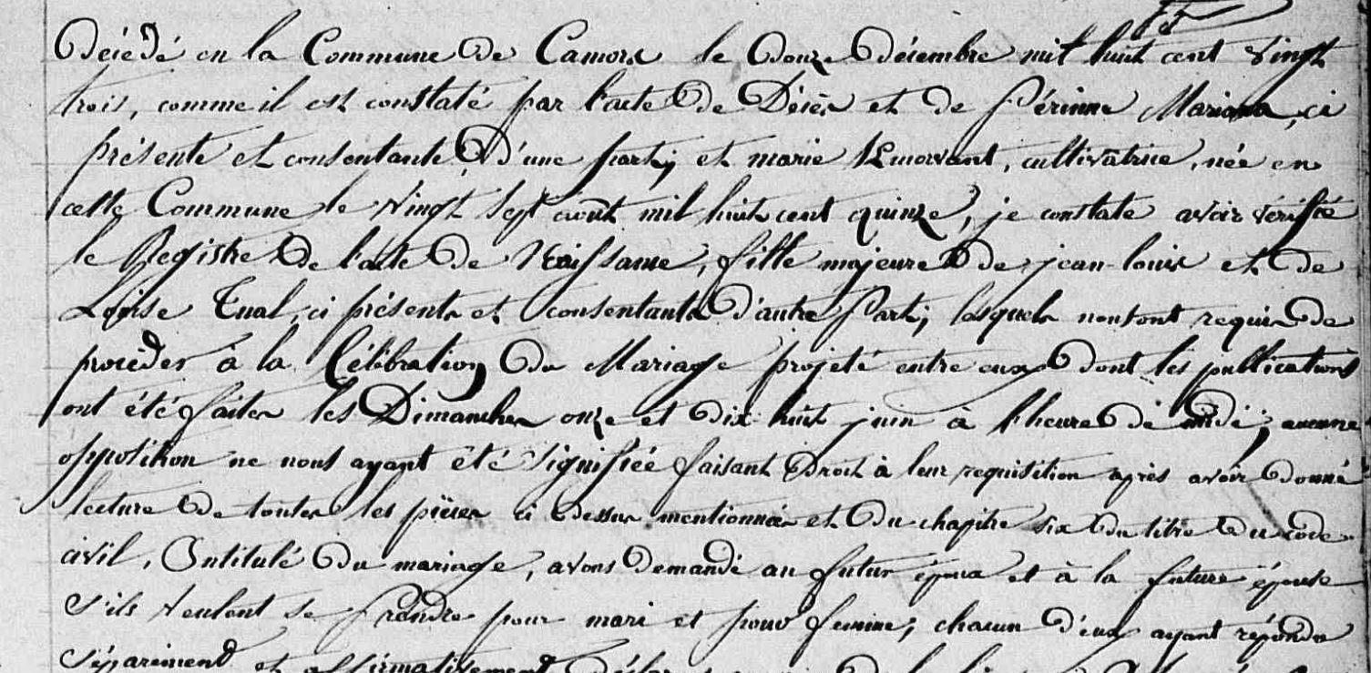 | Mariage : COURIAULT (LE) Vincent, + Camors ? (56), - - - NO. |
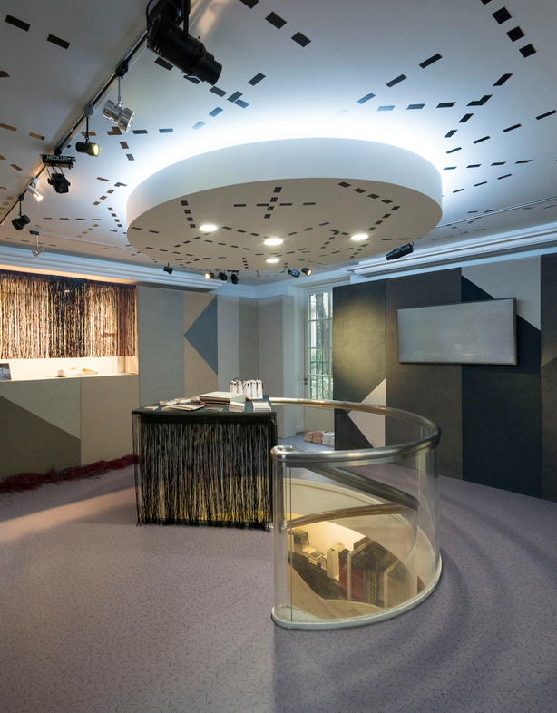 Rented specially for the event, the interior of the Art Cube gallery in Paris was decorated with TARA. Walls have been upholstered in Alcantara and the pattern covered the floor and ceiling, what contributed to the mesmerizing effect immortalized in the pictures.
++++++
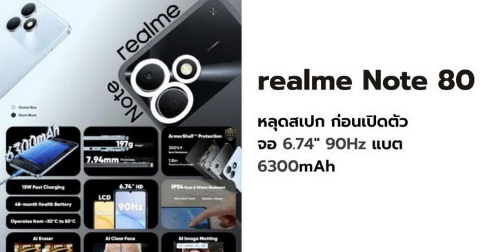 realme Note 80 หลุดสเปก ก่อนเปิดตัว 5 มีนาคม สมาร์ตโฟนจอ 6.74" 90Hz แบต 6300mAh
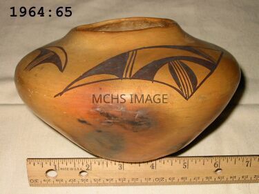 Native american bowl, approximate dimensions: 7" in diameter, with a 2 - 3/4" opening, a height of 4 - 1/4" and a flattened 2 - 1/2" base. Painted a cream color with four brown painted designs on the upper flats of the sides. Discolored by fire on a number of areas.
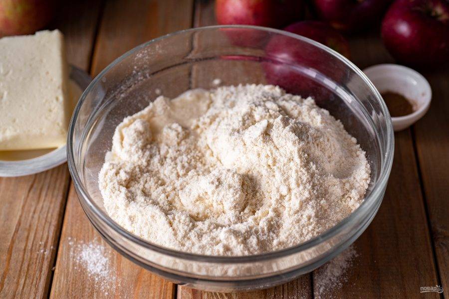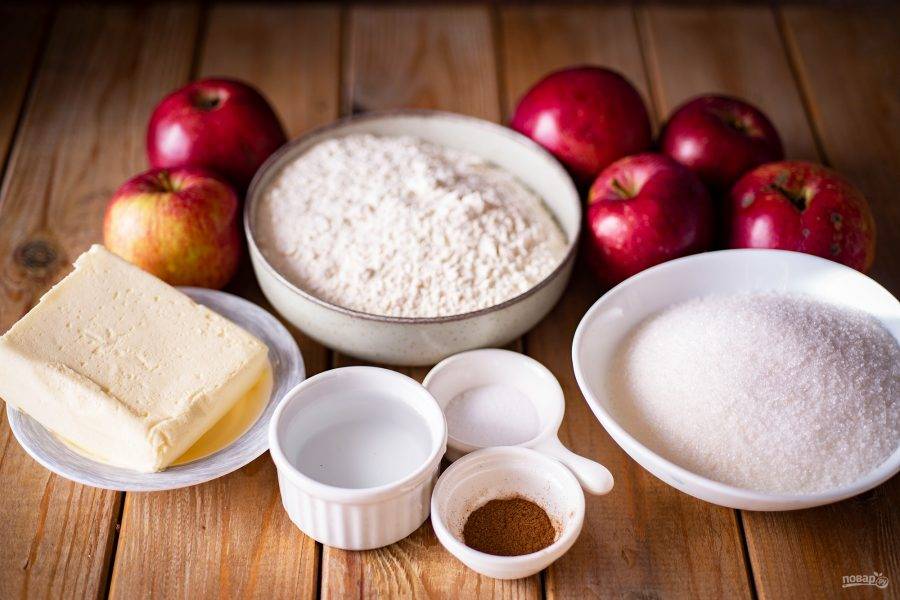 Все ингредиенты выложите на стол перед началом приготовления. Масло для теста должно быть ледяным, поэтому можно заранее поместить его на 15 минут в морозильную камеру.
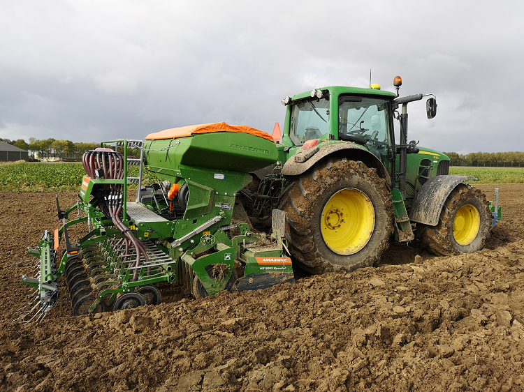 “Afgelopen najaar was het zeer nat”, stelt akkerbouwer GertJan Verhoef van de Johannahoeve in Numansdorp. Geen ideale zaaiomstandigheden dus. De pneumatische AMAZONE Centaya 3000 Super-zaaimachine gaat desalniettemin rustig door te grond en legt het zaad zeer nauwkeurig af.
++++++
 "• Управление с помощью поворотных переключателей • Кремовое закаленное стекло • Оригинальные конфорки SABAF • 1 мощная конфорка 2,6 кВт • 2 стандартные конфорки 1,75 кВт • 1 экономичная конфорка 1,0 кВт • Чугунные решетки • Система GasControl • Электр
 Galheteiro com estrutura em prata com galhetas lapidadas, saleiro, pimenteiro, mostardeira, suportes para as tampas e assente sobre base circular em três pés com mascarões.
++++++
When copying from the data above, print only the lines from the line containing "realme Note 80" to the line containing "zeer nauwkeurig af.", exactly, and leave the pictures out.

Solution below>
 realme Note 80 หลุดสเปก ก่อนเปิดตัว 5 มีนาคม สมาร์ตโฟนจอ 6.74" 90Hz แบต 6300mAh
 Native american bowl, approximate dimensions: 7" in diameter, with a 2 - 3/4" opening, a height of 4 - 1/4" and a flattened 2 - 1/2" base. Painted a cream color with four brown painted designs on the upper flats of the sides. Discolored by fire on a number of areas.
 Все ингредиенты выложите на стол перед началом приготовления. Масло для теста должно быть ледяным, поэтому можно заранее поместить его на 15 минут в морозильную камеру.
 “Afgelopen najaar was het zeer nat”, stelt akkerbouwer GertJan Verhoef van de Johannahoeve in Numansdorp. Geen ideale zaaiomstandigheden dus. De pneumatische AMAZONE Centaya 3000 Super-zaaimachine gaat desalniettemin rustig door te grond en legt het zaad zeer nauwkeurig af.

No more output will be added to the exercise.